Parts of Sudan and Ethiopia, the Central African nations surrounding Lake Victoria and the continent's southwest, including parts of South Africa, Mozambique and Zimbabwe are considered climate change overlap hotspots Müller and his team report.
"These regions are the ones in sub-Saharan Africa where, by the end of the century, a combination of high likelihood and possibly severe climate change impacts hits territories with relatively high population and high poverty rates," the authors said in a statement.
"We tried to identify the places where climate change really hurts most," Müller said, adding that large countries like Nigeria and the tropical forests of the Congo region are likely to be much less affected.
The study authors said that while most climate change impact work in Africa as focused on one type of problem, this new research combines multiple climate and ecosystem stress points.

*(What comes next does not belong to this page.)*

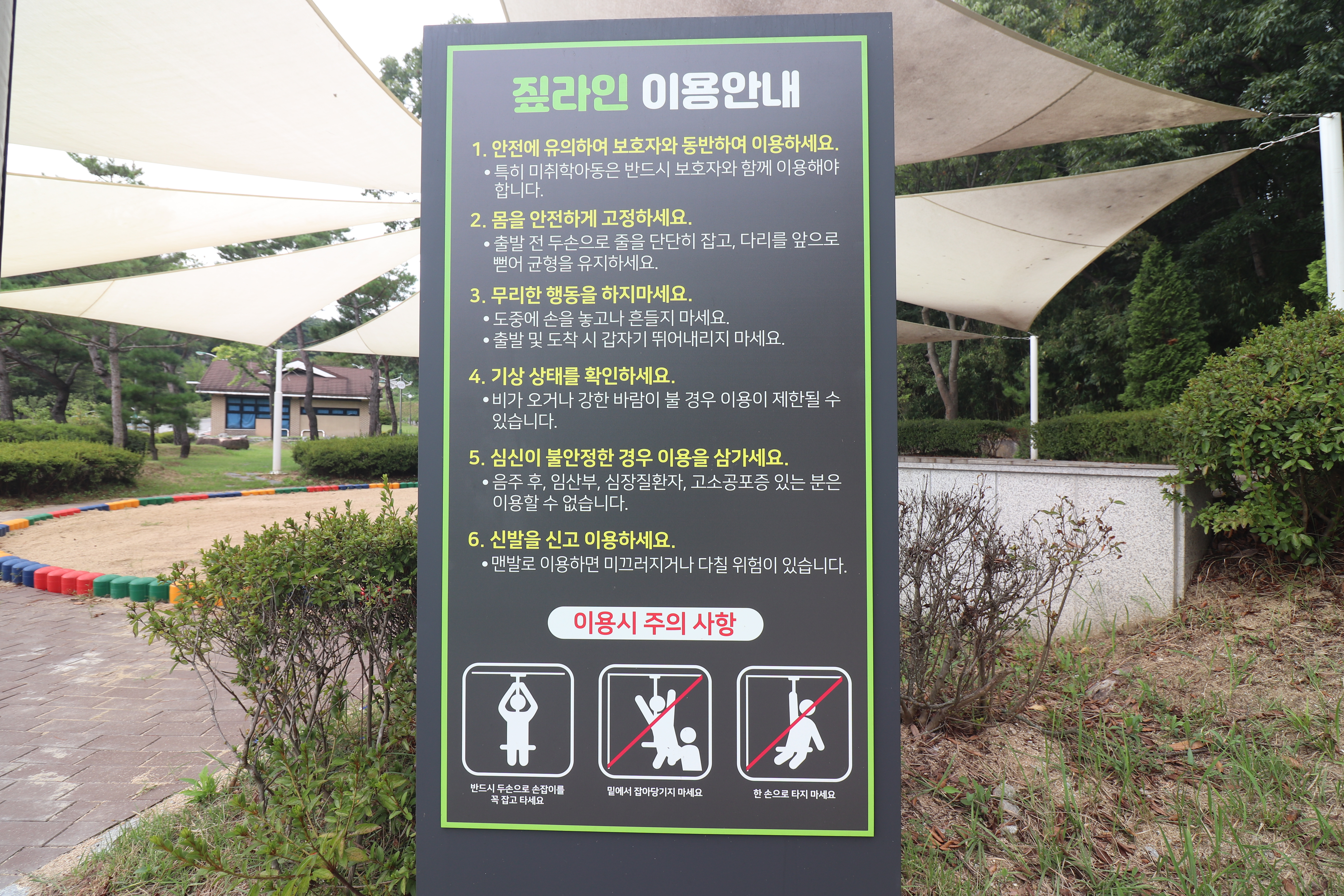 정글짐과 미끄럼틀, 짚라인 등 스릴있는 기구들이 많습니다. 이용에 앞서 이용안내 표시가 있으므로 읽어보시면 더욱 안전하게 이용이 가능하겠습니다.

"It's all about risks," said Hermann Lotze-Campen, co-chair of PIK's Climate Impacts and Vulnerability research domain. "We have to live with uncertainties: we don't have perfect data about future impacts of climate change, but computer simulations can help to understand likelihoods and possible impacts. Climate change clearly threatens people's livelihoods and thus cannot be ignored. Based on likelihoods and values at stake, we have to make decisions now - as we always do when we're building a dike or for instance pass regulations on flight safety."
This study provides the people on the ground with information they can hopefully use to then decide what to do," Lotze-Campen said. "A continental scenario analysis like this one can never be a blueprint for adaptation, as it of course lacks the local expertise. Yet it can help to decide where to best put the limited resources in the countries most affected by climate change."